Exercise prompt >>
Only the pictures are dropped; the lines of the material that follow are returned exactly.

Data extract >>
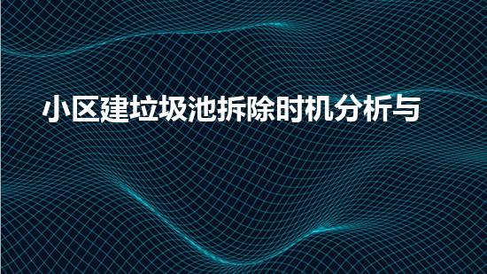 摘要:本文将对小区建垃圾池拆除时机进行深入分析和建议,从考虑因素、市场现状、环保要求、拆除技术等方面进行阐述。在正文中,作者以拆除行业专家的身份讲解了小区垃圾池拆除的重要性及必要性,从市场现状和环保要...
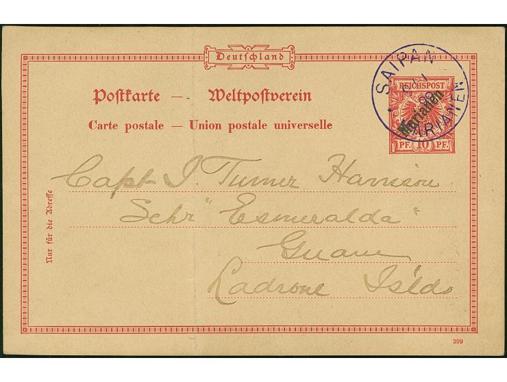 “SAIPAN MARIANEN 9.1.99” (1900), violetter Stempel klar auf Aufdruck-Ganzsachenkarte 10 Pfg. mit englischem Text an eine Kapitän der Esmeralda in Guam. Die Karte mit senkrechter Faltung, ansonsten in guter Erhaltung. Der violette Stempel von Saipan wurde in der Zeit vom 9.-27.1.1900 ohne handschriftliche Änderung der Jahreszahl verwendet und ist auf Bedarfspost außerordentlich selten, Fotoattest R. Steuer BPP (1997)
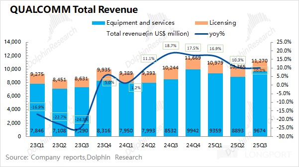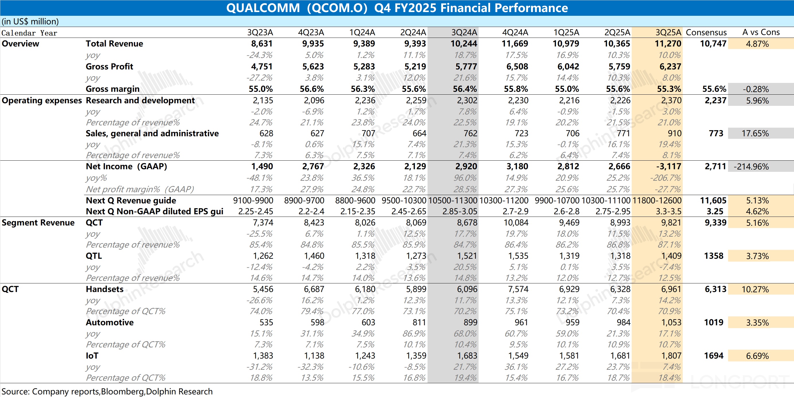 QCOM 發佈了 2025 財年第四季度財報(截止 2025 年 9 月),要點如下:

Result of the exercise >>
 摘要:本文将对小区建垃圾池拆除时机进行深入分析和建议,从考虑因素、市场现状、环保要求、拆除技术等方面进行阐述。在正文中,作者以拆除行业专家的身份讲解了小区垃圾池拆除的重要性及必要性,从市场现状和环保要...
 “SAIPAN MARIANEN 9.1.99” (1900), violetter Stempel klar auf Aufdruck-Ganzsachenkarte 10 Pfg. mit englischem Text an eine Kapitän der Esmeralda in Guam. Die Karte mit senkrechter Faltung, ansonsten in guter Erhaltung. Der violette Stempel von Saipan wurde in der Zeit vom 9.-27.1.1900 ohne handschriftliche Änderung der Jahreszahl verwendet und ist auf Bedarfspost außerordentlich selten, Fotoattest R. Steuer BPP (1997)
 QCOM 發佈了 2025 財年第四季度財報(截止 2025 年 9 月),要點如下:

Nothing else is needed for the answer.